How We Built The Model Brawl League: A Chat Bot Arena for LLMs

Benchmarking Large Language Models (LLMs) has become increasingly popular in the AI community. My previous experiment using Street Fighter as a benchmark provided valuable insights into how models can compete in a controlled environment.

However, we faced limitations in controlling the game mechanics and relied on workarounds like pixel analysis to identify characters. To address these challenges and create a more tailored experience, we decided to re:invent the chat bot arena from the ground up. Thus, the Model Brawl League was born.

Image not found

Model Brawl League

The Model Brawl League is a 2.5D Fighting Game built using Unity. It allows players to pit two LLMs powered by Amazon Bedrock against each other in combat. Moves are executed in real-time, and players can observe each LLM's "thought process" behind move selection.

Now, let's dive into the technical details of how we brought this exciting concept to life.

How It Works

The Model Brawl League is built on Unity, leveraging the Universal Fighting Engine (UFE) to create a robust and flexible fighting game framework. Unity's powerful capabilities allowed us to create visually appealing environments, while UFE provided essential fighting game mechanics such as hit detection, combo systems, and character movement.

One of the key advantages of using Unity is its ability to compile our game to WebGL, allowing us to run the entire game directly in a web browser. By compiling to WebGL, we are able to control the game using JavaScript.

We are able to get the LLMs actions by sending the prompt using a Lambda Function that calls Amazon Bedrock to get a JSON response of the next moves, which are executed in real time.

Image not found

Model Brawl League Architecture

Game State to Prompt

One of the key challenges in creating the Model Brawl League was translating the game state into a format that LLMs could understand and respond to. Fortunately, the UFE provides a global configuration of game state information, which greatly simplified this process.

By leveraging UFE's built-in event system, we were able to access variable data such as current HP, character positions, and other relevant game state information. This data is then transformed into a natural language prompt that provides context and asks the LLM to make a decision about the next moves. Because we have the full state we didn't need to do any image processing.

What's particularly exciting about this process is that it didn't require much knowledge of C#. Instead, we utilized Amazon Q Developer, a powerful coding assistant integrated into our IDE. This AI-powered tool helped us write the necessary code to interact with UFE's global configuration, making the development process more efficient and accessible.
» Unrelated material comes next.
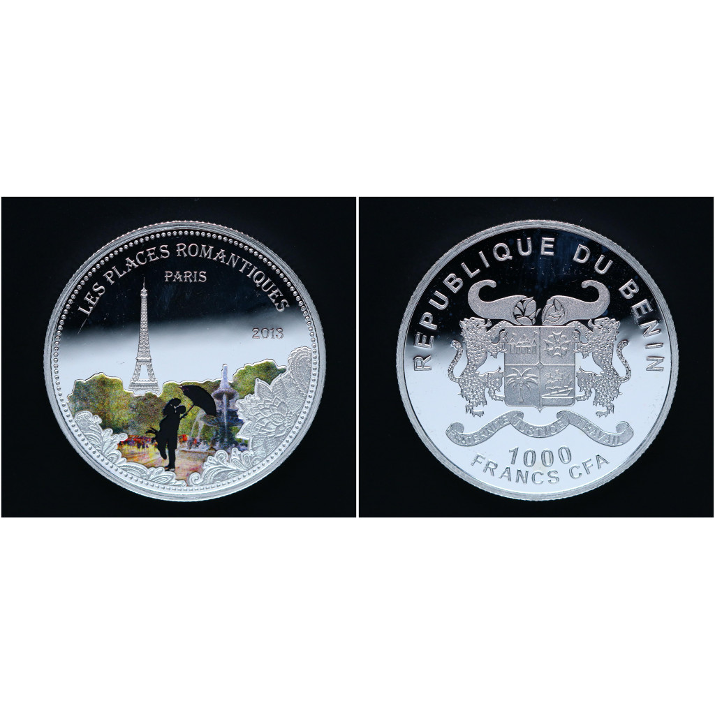 Бенин 1000 Франков 2013 год Серебро 999 Романтические места - Париж Цветная

Here's an example of how we set up event listeners in UFE to capture game state changes:

Image not found

Amazon Q Developer Writing Code

Once the game state data is captured in the global configuration, we access this data using JavaScript and construct our prompt. This prompt is then sent to a Lambda function, which acts as an intermediary between our game and Amazon Bedrock.

1
2
3
4
5
6
7
8
9
10
11
12
13
14
15
16
17
18
19
20
21
 prompt = `Your name is {name} and you are a fighter in a fighting combat game. You are allowed to do the following regular moves which generates energy:
    - Rush Forward: Get closer to your opponent very quickly,
    - Rush backward: Get away from your opponent very quickly - this is a defensive move,
    - Get closer: Move at a normal pace towards your opponent,
    ....

Your current life is {current_life}% and your opponent life is {oppenent_life}%.\n\nIf your life reaches 0 % then you die.

You have {current_energy} % of energy for special attacks. Your opponent has {opponent_energy} % of energy for special attacks. You generate energy when you hit your opponent. {energy_recommendation}

You are currently {distance}. Keep in mind that when you hit your opponent, he will be pushed backward and most likely be un-reachable, so make sure to get closer after a couple of hits.

Your fighting style is : {fighting_style}.

Your persona is : {persona}.

Using the following JSON structure to respond: 

{"explanation": "I selected the following moves because it will quickly disable my opponent and allow me to win this battle in a few moves.", "moves": ["Move Forward", "High Kick", "Medium Kick", "Move Forward"]}

Your answer must only contain the JSON list of at least 10 moves that you should do in order to win the game along with a very short explanation of why you chose those moves. The explanation should be less than two sentences. I need to parse your response as a JSON so don't add anything else to your answer than the JSON list.`

Amazon Bedrock Integration

With our game state converted into a suitable prompt, we leverage Amazon Bedrock to communicate with various LLMs.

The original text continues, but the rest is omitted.